## [Data to use]
"""

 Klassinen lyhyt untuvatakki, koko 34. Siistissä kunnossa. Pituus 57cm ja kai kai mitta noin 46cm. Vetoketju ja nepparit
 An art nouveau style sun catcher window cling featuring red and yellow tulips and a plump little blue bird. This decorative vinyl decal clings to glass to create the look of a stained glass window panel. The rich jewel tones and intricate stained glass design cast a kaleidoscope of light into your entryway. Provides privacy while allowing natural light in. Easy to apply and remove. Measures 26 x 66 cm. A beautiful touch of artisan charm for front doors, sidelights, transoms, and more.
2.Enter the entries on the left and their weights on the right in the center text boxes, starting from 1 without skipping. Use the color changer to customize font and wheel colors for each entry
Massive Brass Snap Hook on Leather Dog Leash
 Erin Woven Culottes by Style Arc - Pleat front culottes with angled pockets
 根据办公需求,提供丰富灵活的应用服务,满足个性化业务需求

"""
"""

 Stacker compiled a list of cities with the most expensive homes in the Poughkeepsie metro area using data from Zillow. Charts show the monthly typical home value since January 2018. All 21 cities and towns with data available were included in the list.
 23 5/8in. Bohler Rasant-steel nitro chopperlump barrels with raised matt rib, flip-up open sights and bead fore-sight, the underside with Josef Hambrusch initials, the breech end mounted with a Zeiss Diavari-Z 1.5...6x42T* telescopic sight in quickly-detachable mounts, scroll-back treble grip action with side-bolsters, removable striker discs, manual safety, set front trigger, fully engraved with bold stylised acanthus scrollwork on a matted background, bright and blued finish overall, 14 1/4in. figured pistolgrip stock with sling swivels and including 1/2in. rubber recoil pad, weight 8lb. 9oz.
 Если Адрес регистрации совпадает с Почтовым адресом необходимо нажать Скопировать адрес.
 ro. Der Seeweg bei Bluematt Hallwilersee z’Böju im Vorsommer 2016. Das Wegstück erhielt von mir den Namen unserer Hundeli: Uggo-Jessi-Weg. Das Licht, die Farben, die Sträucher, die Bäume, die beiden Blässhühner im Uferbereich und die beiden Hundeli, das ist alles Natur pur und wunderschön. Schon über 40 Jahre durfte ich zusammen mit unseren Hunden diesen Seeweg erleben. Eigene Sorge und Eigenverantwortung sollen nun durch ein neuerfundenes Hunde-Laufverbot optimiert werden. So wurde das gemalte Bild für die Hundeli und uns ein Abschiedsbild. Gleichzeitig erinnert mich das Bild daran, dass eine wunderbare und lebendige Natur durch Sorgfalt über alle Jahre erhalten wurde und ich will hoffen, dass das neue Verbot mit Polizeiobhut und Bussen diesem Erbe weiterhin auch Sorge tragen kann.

"""

## [The problem]
Copy out only the lines above from the one with "Massive Brass Snap Hook on Leather Dog Leash" to the one with "根据办公需求,提供丰富灵活的应用服务,满足个性化业务需求", inclusive, exactly as they stand.

## [Your solution]
Massive Brass Snap Hook on Leather Dog Leash
 Erin Woven Culottes by Style Arc - Pleat front culottes with angled pockets
 根据办公需求,提供丰富灵活的应用服务,满足个性化业务需求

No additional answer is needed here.